After two visits, the School of the Future starts to seem like a figure-ground illusion -- an ambiguous image in which the shapes shift as you stare. With its light-filled hallways and ingenious projects, the school can seem like a beacon illuminating the mostly desolate landscape of urban education. But look again and you’re reminded of the imposing challenges it faces.

A “team lab” held one February afternoon in the Interactive Learning Center illustrates both perspectives. In small groups, first-year learners present public service announcements that they’ve crafted about global warming -- mélanges of video, digital photography, music, PowerPoint, and live performance. The spots demonstrate technological competency, environmental awareness, the ability to work in groups, and an occasional spark of humor. But there are also technical glitches and misspelled words. In the audience, one student falls asleep, his arm resting on his laptop; others laugh or chatter, despite a teacher’s repeated admonitions. A girl rests her booted foot on a boy’s thigh, and no one even notices amid the commotion.

It’s still too early to know whether the School of the Future is a useful template for other urban schools. Not until 2009, when in the 11th grade, will students take state-mandated achievement tests, one measure of their progress. And while each 12th grader must apply to college in order to graduate, how many will actually attend and earn a degree?
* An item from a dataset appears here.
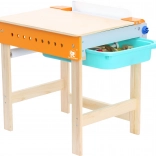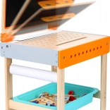 Objavte šikovný detský stôl, ktorý sa jedným pohybom zmení z kresliaceho pultu na pracovný ponk. Sklopný kresliaci panel s poličkou na náradie, pracovná doska s otvormi na uchytenie dielov a držiak papierovej role na boku robia z tohto stola dokonalé miesto na tvorenie aj stavenie.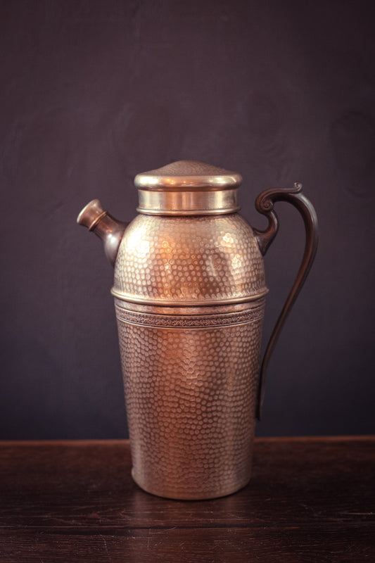 Hammered Silverplate Cocktail Shaker with Art Deco Details - Vintage Silvercraft Cocktail Pitcher with Handle & Pour Spout

For 16-year-old Quasan Baker, meeting minority employees from Microsoft during a recent special program has solidified his goal of attending Penn State University and specializing in technology. Fifteen-year-old Quetta Fairy says she is determined to become a lawyer, “because I always argue my point. … I’m a great debater. You can’t tell me I’m wrong when I know I’m right.” If nothing else, it’s clear that the School of the Future is inspiring these kids with the confidence to dream about their futures. Emerson recalls a student who “fought with me day in and day out” until, on a whim, he asked her to serve as a prosecuting attorney for a reenactment of the Emmett Till trial, a famous lynching case that helped launch the civil rights movement. “From that day on,” he says, growing visibly emotional, “she has been engaged. Suddenly, I’m seeing she’s a smart, smart girl, and she’s taking a level of responsibility that reminds me of what I was like in high school. Just that one example is enough to make me teach for another 30 years.”